A warning has been issued to the public against collecting and consuming shellfish from the North Island's west coast because of high levels of paralytic shellfish poisoning.
The Waikato District Health Board yesterday issued a public health warning on shellfish harvested from Mohakatino in northern Taranaki to Manukau Harbour.
The warning includes Kawhia, Aotea and Raglan harbours.
Shellfish samples taken from Kawhia and Raglan had shown levels of paralytic shellfish poisoning (PSP) at 0.83 and 1.10 milligrams of toxin per kilogram of flesh. The safe limit is 0.8 milligrams per kilogram of flesh.
Anyone eating toxic shellfish was at risk of illness so kina, mussels, toheroa, pipi, tuatua, oysters, cockles and scallops from the area should be avoided, the DHB said.
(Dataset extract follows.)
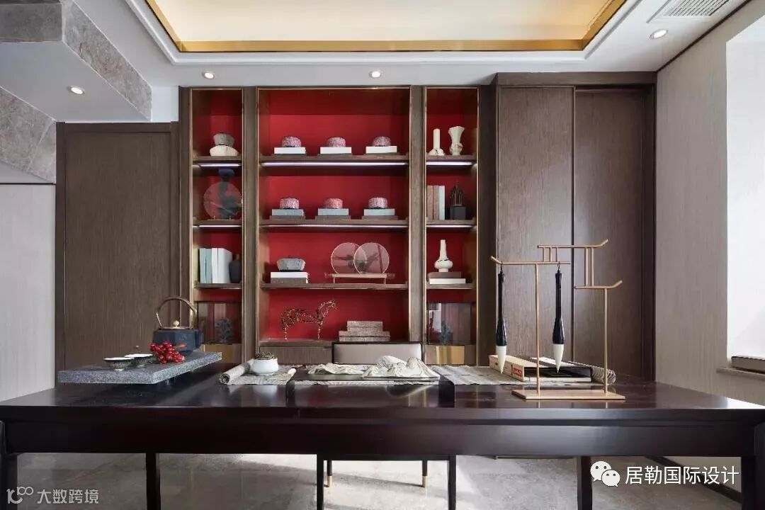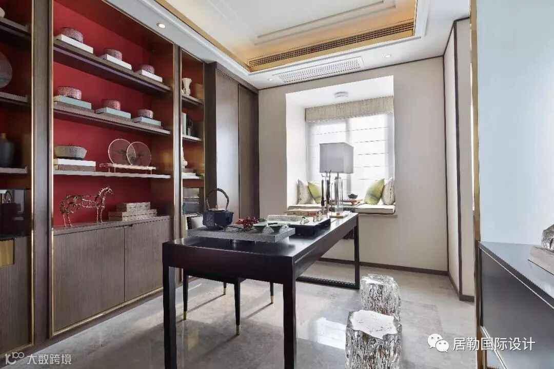 书房配以现代中式风格的桌椅、书架,用以深木与代表中国的红相结合,突显了主人的涵养与学识。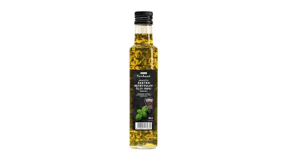Pirkka Parhaat maustettu ekstra-neitsytoliiviöljy (98 %) basilika 250ml Pizzanpaistajat

Symptoms of PSP usually occurred within 12 hours of consuming shellfish and include numbness, dizziness, difficulty breathing and swallowing and, in severe cases, paralysis and respiratory failure.
Cooking shellfish does not remove the toxin.
Paua, crab and crayfish can be eaten safely only if the gut has been completely removed prior to cooking.
Consumers of shellfish from the affected areas who became ill should contact their GP immediately and keep any remaining shellfish.
Warning signs in the closure areas were being erected.
Levels of PSP at Manukau Harbour are within normal range.